Omelia Messa crismale

Ieri mattina nella Cattedrale di Acerra, il vescovo Antonio ha presieduto la Messa Crismale durante la quale i preti della nostra diocesi di Acerra hanno rinnovato le promesse sacerdotali.
Nella Celebrazione sono stati benedetti gli Oli santi: Olio dei Catecumeni, Olio degli Infermi e il Sacro Crisma: accompagneranno la celebrazione dei sacramenti nelle comunità per l’intero anno.

Pubblichiamo l’omelia integrale di monsignor Di Donna.

Sono poche le occasioni in cui siamo riuniti per la celebrazione dell’eucaristia tutti insieme: il vescovo, tutti i sacerdoti della diocesi, insieme con diaconi, i consacrati e le consacrate, i seminaristi, e una rappresentanza dei fedeli laici e laiche.

Questa celebrazione, anche fisicamente, esprime l’unità, l’unità della Chiesa di Dio che è in Acerra: al di là delle diversità di carismi e di ministeri, siamo tutti insieme, popolo di Dio.

Come dice lo scrittore Cipriano del III secolo: «Plebs adunata de unitate patris et filii et Spiritus Sancti; la comunità radunata nell’unità del Padre, del Figlio e dello Spirito Santo».

Viene prima l’unità, la pari dignità di tutti i membri del popolo di Dio, e poi viene la diversità. C’è un sacerdozio comune fondato sul Battesimo, che tutti ci accomuna e ci rende assemblea santa, stirpe sacerdotale, popolo di Dio.

Come non sottolineare, quest’anno, l’anno del Giubileo, il brano del Vangelo secondo Luca, che è stato appena proclamato dal diacono, in cui Gesù assume come programma di vita il testo del profeta Isaia: «Lo Spirito del Signore è su di me, mi ha mandato a portare il lieto annuncio ai poveri e a proclamare l’anno di grazia del Signore».

Questo è il suo programma, il programma della sua vita. Si può dire che tutta l’esistenza di Gesù è un tempo di grazia, un anno di grazia, quasi un giubileo continuo.
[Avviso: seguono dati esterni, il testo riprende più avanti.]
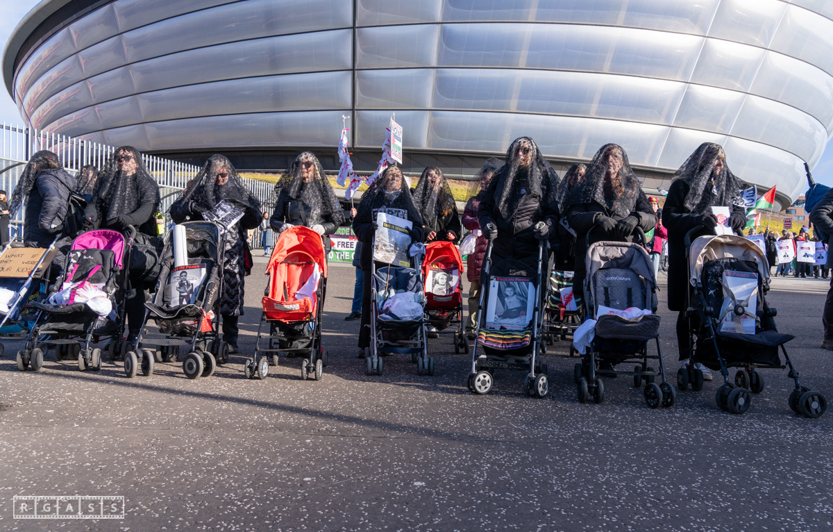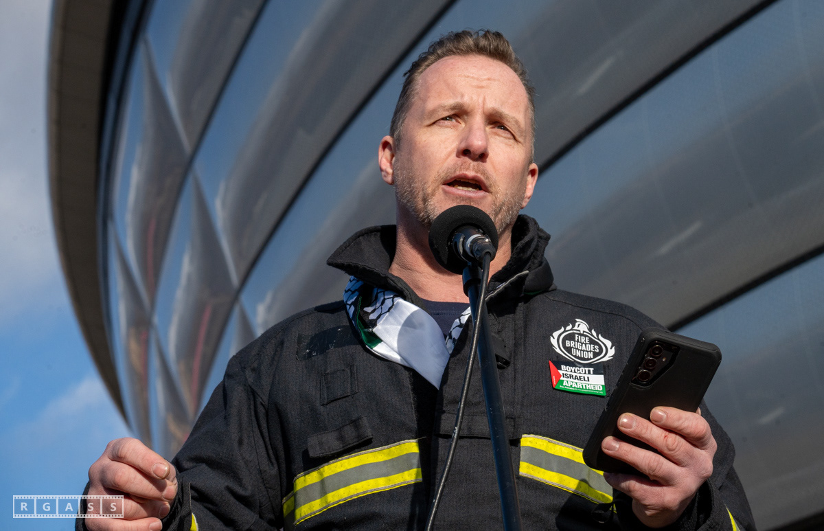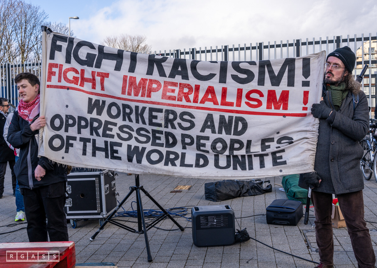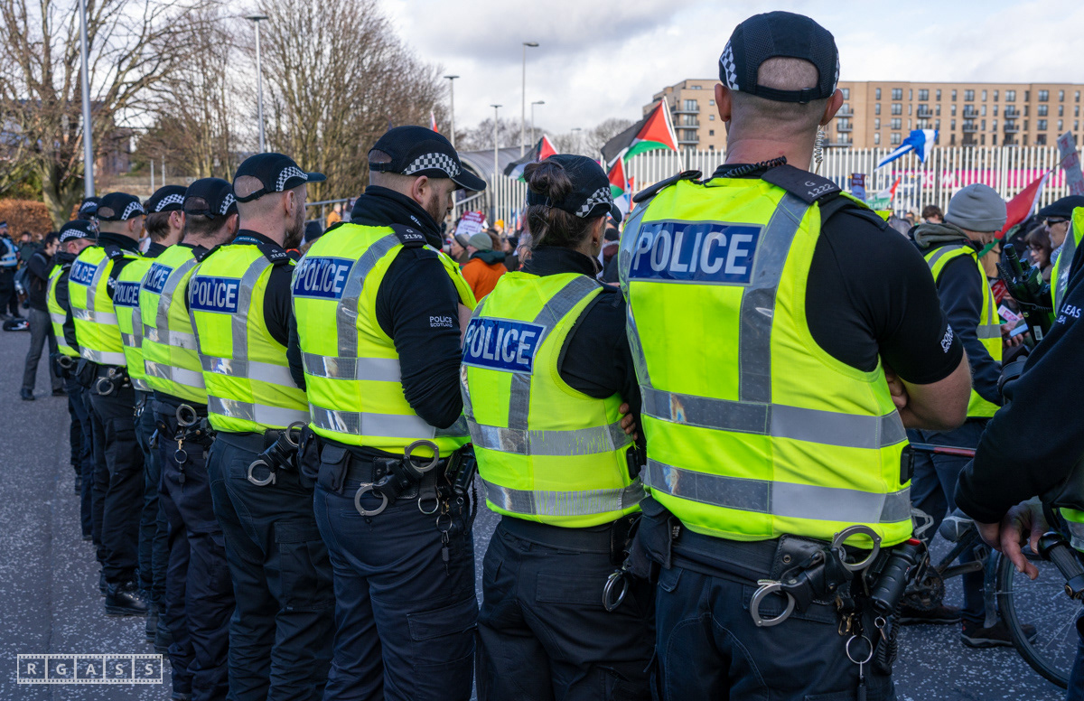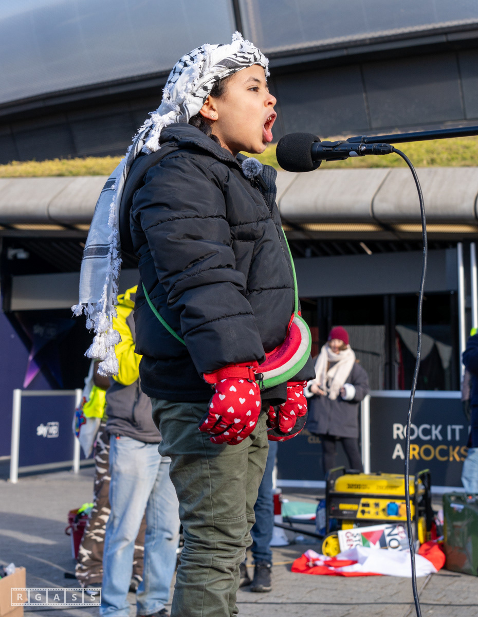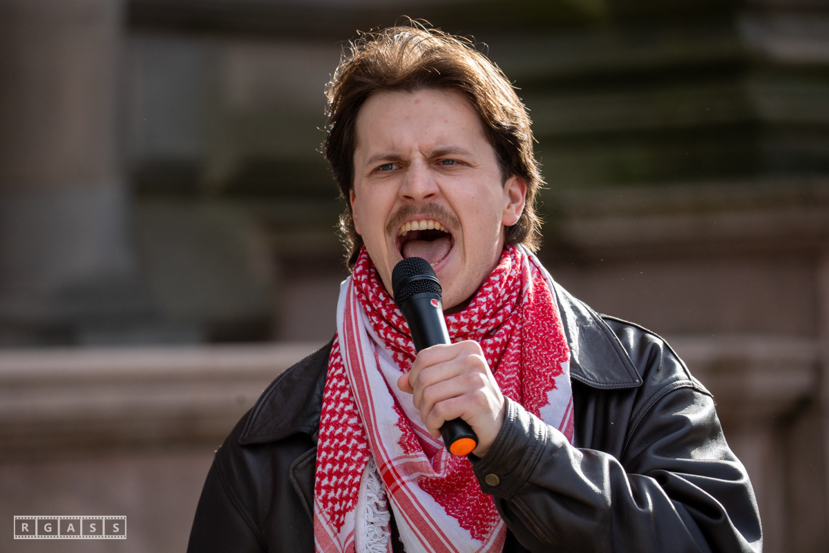 Glasgow, UK. 22nd Feb, 2025. Pro-Palestinian march from George Square to a rally to protest outside the Scottish Labour Party Conference at the SEC.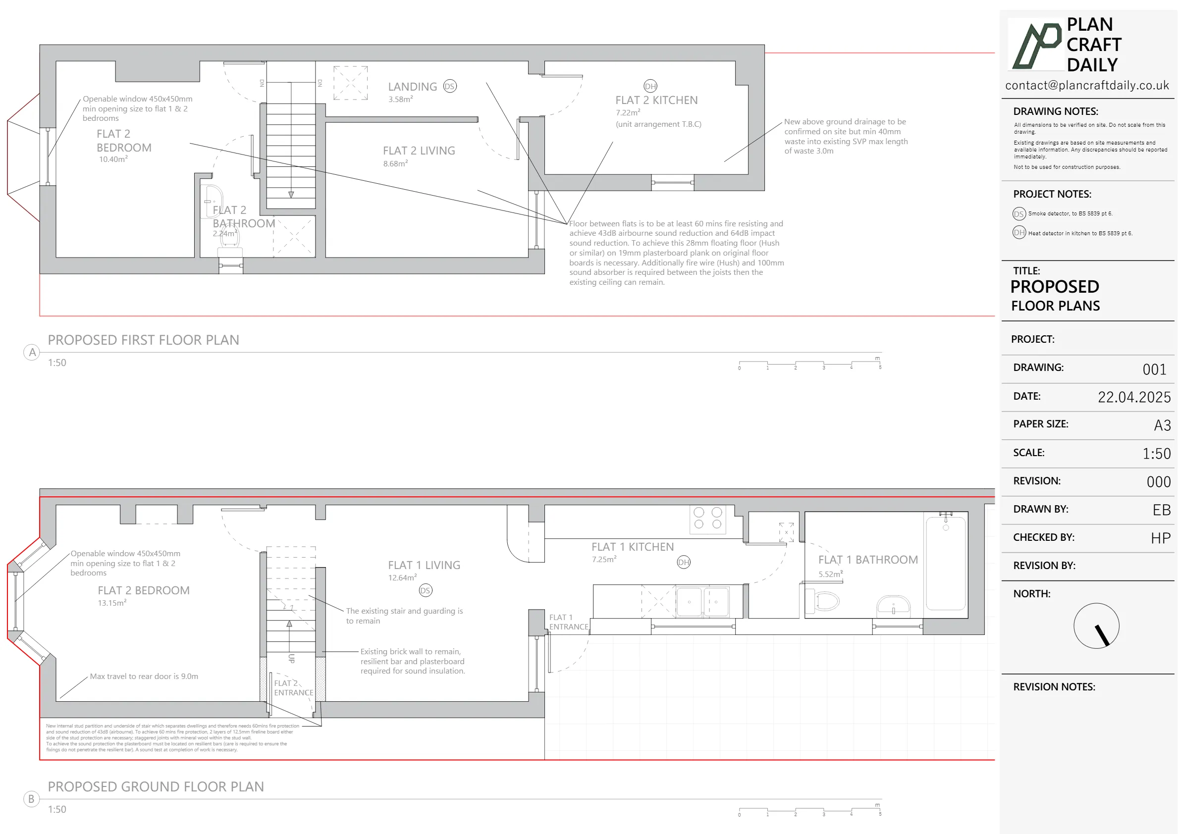 They needed us to prepare proposed first-floor extension drawings for both flats, and asked for: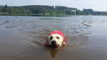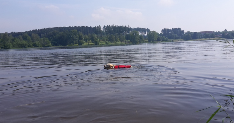 Der perfekte Schwangerschaftssport ist bekanntlich Schwimmen und so findet man uns derzeit mehr als üblich an nahegelegenen Gewässern, in denen June genüsslich ihre täglichen Runden dreht. Ungeachtet dessen, ist ihr größter Spaß derzeit das Fressen. June fühlt sich bereits 'hochschwanger' und würde auch locker die doppelten Portionen verschlingen. Heute beginnt die 7. Trächtigkeitswoche und während unserer Spaziergänge watschelt sie ein wenig unelegant daher. Wir sind furchtbar gespannt, was June und Brian 'gebastelt' haben und freuen uns riesig auf den Tag, an dem June`s Babies ihren Ort der Bestimmung hoffentlich wohlbehalten erreichen.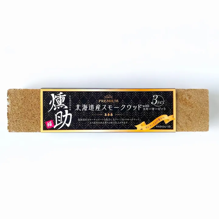 ウィスキーの香り付けにも使用される北海道幌延町産のピートを10%配合した特別なスモークウッドは日本初! 蝦夷山桜の甘い薫香に濃厚で力強い深みのある香りが乗ると大変好評です♪ 食材を並べて、スモークウッドに着火するだけの簡単調理で本格的な一品料理に! ------------------------------------------------------------- 【おすすめのポイント】 1.天然蝦夷山桜を使用しているので薬剤など一切噴霧されていなく 安全・安心です! 2.粒の大きさと圧縮を調整し火は消えにくく、誰でも簡単においしい燻製を作ることができます! 3.希少価値の高い蝦夷山桜は他の樹種に比べタール分が少ないので、燻しすぎによる失敗(えぐみ)を防ぎます! 4.ピート入りなのでより薫りが強く、深いコクが味わえます! ------------------------------------------------------------- 【仕様】 ・冷燻や温燻に使います ・お香の様に着火させると煙を出し続けます ・60gで約1時間15分~30分煙を出すことができます。それ以上連続して燻製をする場合はスモークウッドをつなげてお使いいただくと継続して煙を出すことができます ・稀に黒い粒が見られますが、蝦夷山桜の樹皮も粉砕し圧縮しているため問題なくお使いいただけます ・固めるためにマメ科の増粘剤を使用しておりますのでアレルギーのある方はご使用をお控えください 【使用方法】 ・ガスバーナーまたはコンロの火でスモークウッド短側面全体が黒く焦げるくらい燃やします ・スモークウッドの角から少しずつ燃え始め白い灰が出始めると準備完了です(この時スモークウッドから炎が出ている場合は消してください) ・アルミホイルの上に載せて、スモークウッド専用の燻製器内に設置します 【保管上の注意】 ・湿度の高い場所で保管しておりますと、カビが生える原因となります。涼しい場所に保管してください

Ed è anche, cari amici e amiche, questo il programma della sua Chiesa, e della nostra Chiesa: portare «la buona notizia ai poveri, fasciare i cuori spezzati, proclamare la liberazione ai prigionieri, il recupero della vista ai ciechi, lasciare liberi gli oppressi».

È interessante notare come il brano del Vangelo presenta tre varianti rispetto al testo di Isaia. L’evangelista Luca omette o aggiunge qualcosa. Tra queste tre varianti, la più interessante è che il Vangelo di Luca omette, non riporta, salta un’espressione di Isaia. L’espressione di Isaia che Luca non riporta è questa: “Il giorno di vendetta per il nostro Dio”. Questa espressione nel Vangelo non c’è! C’è l’anno di grazia, ma non il giorno di vendetta!

Quale salutare rimprovero per noi, tentati spesso di essere, come dice Papa Francesco, i controllori della grazia più che i suoi facilitatori! Ma è soltanto una nota, piccola nota!

Cari fratelli, presbiteri, religiosi, laici e laiche, come non vedere in quell’elenco di azioni di Isaia e del Vangelo di Luca – “portare il lieto annuncio ai poveri”, “la liberazione degli schiavi” … – il servizio della nostra Chiesa nei suoi vari ministeri, il servizio di voi soprattutto carissimi presbiteri, diaconi; voi, catechisti e catechiste; voi insegnanti di religione; voi ministri degli infermi, degli ammalati; voi Caritas, parrocchiali e diocesana, operatori di misericordia; voi che lavorate con i fratelli vittime delle dipendenze, i carcerati, gli ammalati. E’ l’opera di Gesù che continua. E’ quasi un Giubileo permanente anche nella nostra Chiesa di Acerra.

Due anni fa, in occasione dei dieci anni di servizio episcopale in mezzo a voi, mi avete donato questa casula che indosso, insieme alla mitria. E’ disegnata da tante api! Questa decorazione ha un valore simbolico, si ispira probabilmente a Sant’Apollinare, a Ravenna: il vescovo è l’ape regina che, procedendo in mezzo all’assemblea liturgica, come abbiamo fatto pochi minuti fa, porta con sé all’altare le api, il popolo di Dio.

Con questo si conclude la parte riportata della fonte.